The amount and timing of our capital expenditures are largely discretionary and within our control. We could choose to defer a portion of these planned capital expenditures depending on a variety of factors, including but not limited to the success of our drilling activities, prevailing and anticipated prices for oil and natural gas, the availability of necessary equipment, infrastructure and capital, the receipt and timing of required regulatory permits and approvals, seasonal conditions, drilling and acquisition costs and the level of participation by other interest owners. We are currently operating 23 drilling rigs and eight completion crews. We will continue monitoring commodity prices and overall market conditions and can adjust our rig cadence up or down in response to changes in commodity prices and overall market conditions.
Based upon current oil and natural gas prices and production expectations for 2019, we believe that our cash flow from operations, cash on hand and borrowings under our revolving credit facility will be sufficient to fund our operations through year-end 2019. However, future cash flows are subject to a number of variables, including the level of oil and natural gas production and prices, and significant additional capital expenditures will be required to more fully develop our properties.
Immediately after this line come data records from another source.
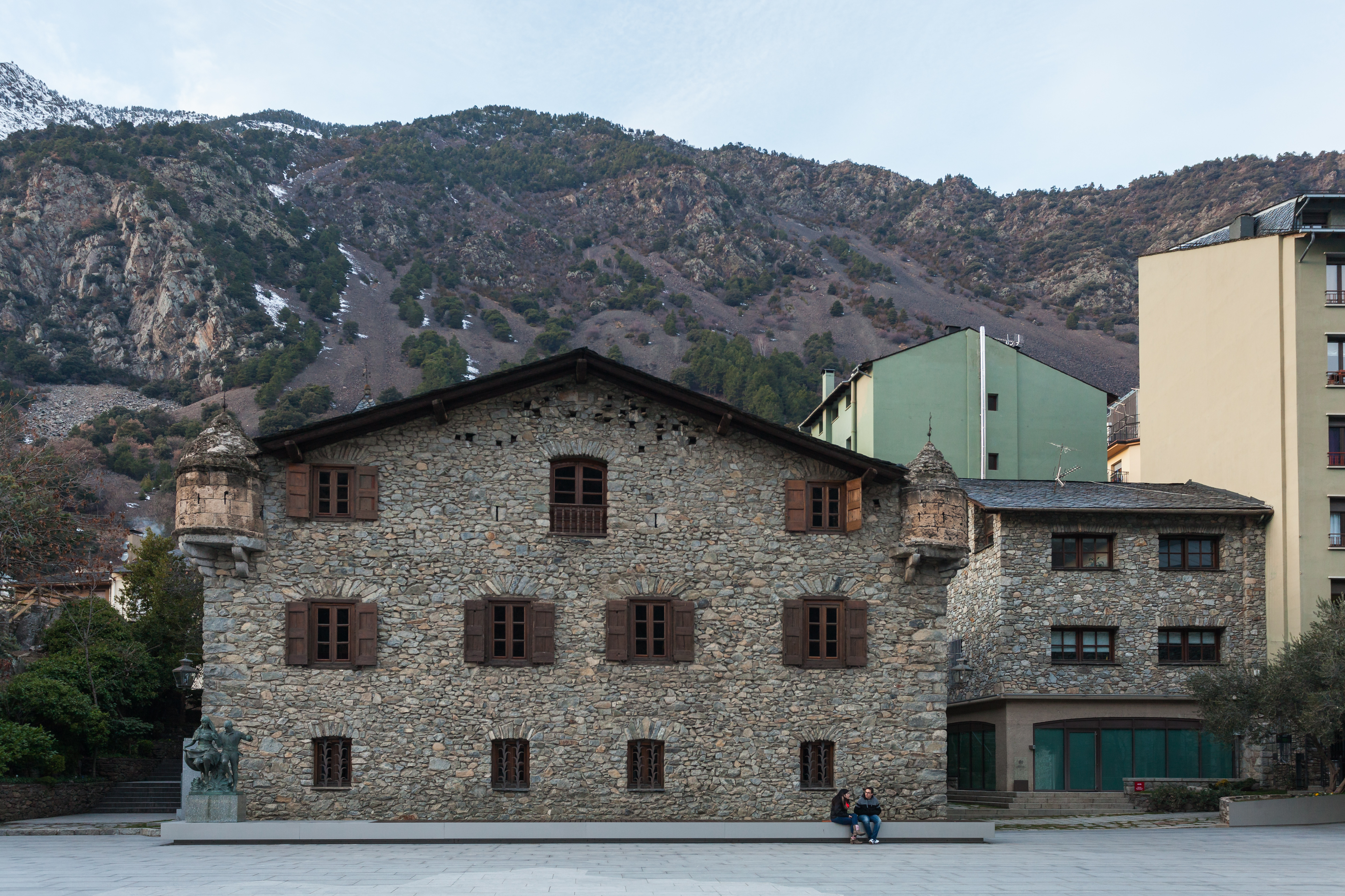 Casa de la Vall, Andorra la Vella, Andorra
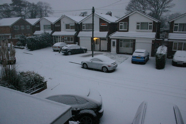 Snowy Day in Water Orton Snow covered street, (Jaques Close), in Water Orton.
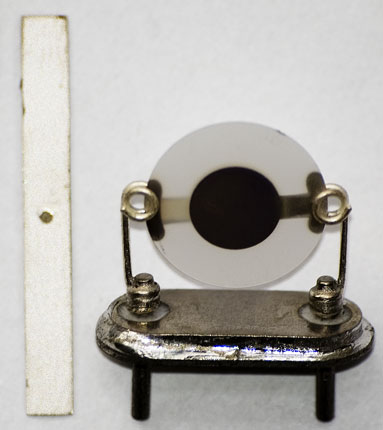 Polish quartz crystal resonator from a crystal oscillator with case removed, showing construction. It consists of a round transparent plate of quartz, with metal foil electrodes plated onto both surfaces attached to terminals on the bottom. When connected to an electronic oscillator circuit, the quartz plate vibrates mechanically millions of times per second, creating an oscillating electrical signal in the circuit.

Further, our 2019 capital expenditure budget does not allocate any funds for leasehold interest and property acquisitions.
We monitor and adjust our projected capital expenditures in response to the results of our drilling activities, changes in prices, availability of financing, drilling and acquisition costs, industry conditions, the timing of regulatory approvals, the availability of rigs, contractual obligations, internally generated cash flow and other factors both within and outside our control. If we require additional capital, we may seek such capital through traditional reserve base borrowings, joint venture partnerships, production payment financing, asset sales, offerings of debt and or equity securities or other means. We cannot assure you that the needed capital will be available on acceptable terms or at all. If we are unable to obtain funds when needed or on acceptable terms, we may be required to curtail our drilling programs, which could result in a loss of acreage through lease expirations. In addition, we may not be able to complete acquisitions that may be favorable to us or finance the capital expenditures necessary to replace our reserves. If there is a decline in commodity prices, our revenues, cash flows, results of operations, liquidity and reserves may be materially and adversely affected.
68
Contractual Obligations
Except as discussed in Note 19 of the Notes to the Consolidated Financial Statements of this report, there were no material changes to our contractual obligations and other commitments, as disclosed in our Annual Report on Form 10-K for the year ended December 31, 2018.
Critical Accounting Policies
There have been no changes in our critical accounting policies from those disclosed in our Annual Report on Form 10-K for the year ended December 31, 2018.
Off-Balance Sheet Arrangements
We had no off-balance sheet arrangements as of June 30, 2019. Please read Note 19 included in Notes to the Consolidated Financial Statements set forth in Part I, Item 1 of this report, for a discussion of our commitments and contingencies, which are not recognized in the balance sheets under GAAP.
ITEM 3. QUANTITATIVE AND QUALITATIVE DISCLOSURES ABOUT MARKET RISK
Commodity Price Risk
Our major market risk exposure in our exploration and production business is in the pricing applicable to our oil and natural gas production. Realized pricing is primarily driven by the prevailing worldwide price for crude oil and spot market prices applicable to our natural gas production. Pricing for oil and natural gas production has been volatile and unpredictable for several years, and we expect this volatility to continue in the future. The prices we receive for production depend on many factors outside of our control.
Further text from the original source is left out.